Including the loans and guarantees, the government said it plans to spend $66 billion on public works and “social infrastructure” programs in areas such as health and telecommunications, $8 billion for job creation and retraining, and $48 billion for loan guarantees to businesses having difficulty borrowing in the credit crunch. In addition, shopping vouchers worth about $180 apiece will be given to those under 15 and those over 65.
The package also includes tax cuts previously outlined by Obuchi that reduce maximum corporate tax rates from 50% to 40% and maximum individual tax rates from 65% to 50% of income.
Sakaiya promised this package was different than past measures that failed because they didn’t “try to break the cycles of recession.”
Past packages included huge public works projects, such as building roads and bridges in remote areas, which served only to create temporary construction jobs.
A key element in breaking the cycle is curing the credit crunch while priming demand, which will stimulate job growth, Sakaiya said.
With the plunge in real estate and stock market values over most of the last decade, Japanese banks fell dangerously short on capital and cut back lending, setting off a vicious cycle. Firms that couldn’t get loans reduced their investment and stopped hiring. That led to a recession and declining sales and profits, causing consumer confidence to wither and spending to decline, Sakaiya said.
Among the social infrastructure plans and job-creation proposals mentioned by Sakaiya is a plan to improve telecommunications by “establishing many information delivery facilities all over the archipelago,” including a high-speed underground fiber-optic cable network and other projects.

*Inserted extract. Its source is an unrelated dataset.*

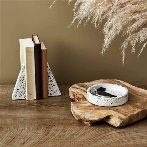 Zestaw Terrazzo to połączenie funkcjonalności i estetyki. Podpórki stabilizują książki na półce, a miseczka pozwala uporządkować drobne przedmioty – idealny dodatek do nowoczesnych wnętrz.
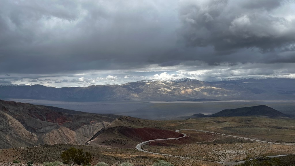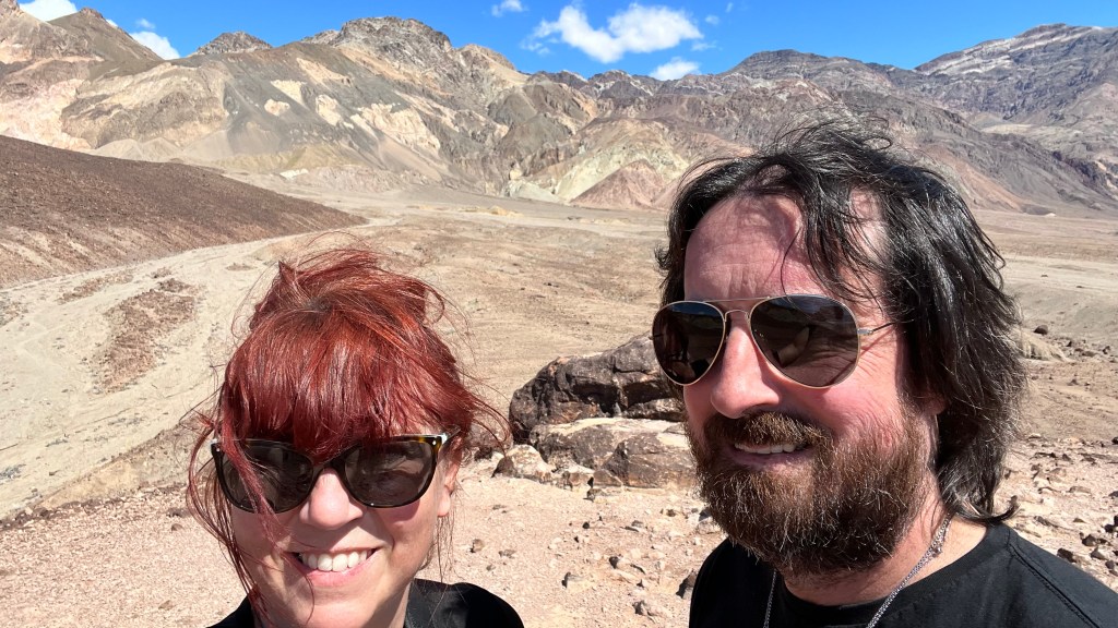 We just had to fit one more site in before we headed to our next hotel. We finished the day with Dante’s View. Up, Up, Up you drive. There was ample parking and very worth the extra time we took. What a view of the valley below! And sooo windy!!

It is difficult to determine how many of the projects planned by the government will create huge numbers of jobs. Asked to detail specific projects, Sakaiya mentioned only a few, including installing toll-taking machines on highways and building a hub airport in the city of Nagoya, as well as improving airports in Osaka and Tokyo.
Often, however, it isn’t lack of funds but bureaucracy and inefficiency that is the core of many of Japan’s problems. Many analysts believe deregulation of the economy is the best long-term answer.
“Deregulation and structural changes can be more effective than money,” said Taya at the Daiwa Institute of Research.
Indeed, government sources involved in planning the package said Japan’s conservative Ministry of Finance balked at some of the projects that the various government agencies were proposing, denouncing them as ill-conceived.
Details also were vague on the proposed jobs-retraining programs for laid off white-collar workers. One proposal calls for the government to pay middle-aged and older unemployed businesspeople to teach computer courses in public schools.
Japan’s benchmark Nikkei stock average, which fell 2.4% on Thursday after reports of a smaller package appeared in the press, recovered 1.1% or 160.6 points to close at 14,428 points, while the yen rose slightly against the dollar.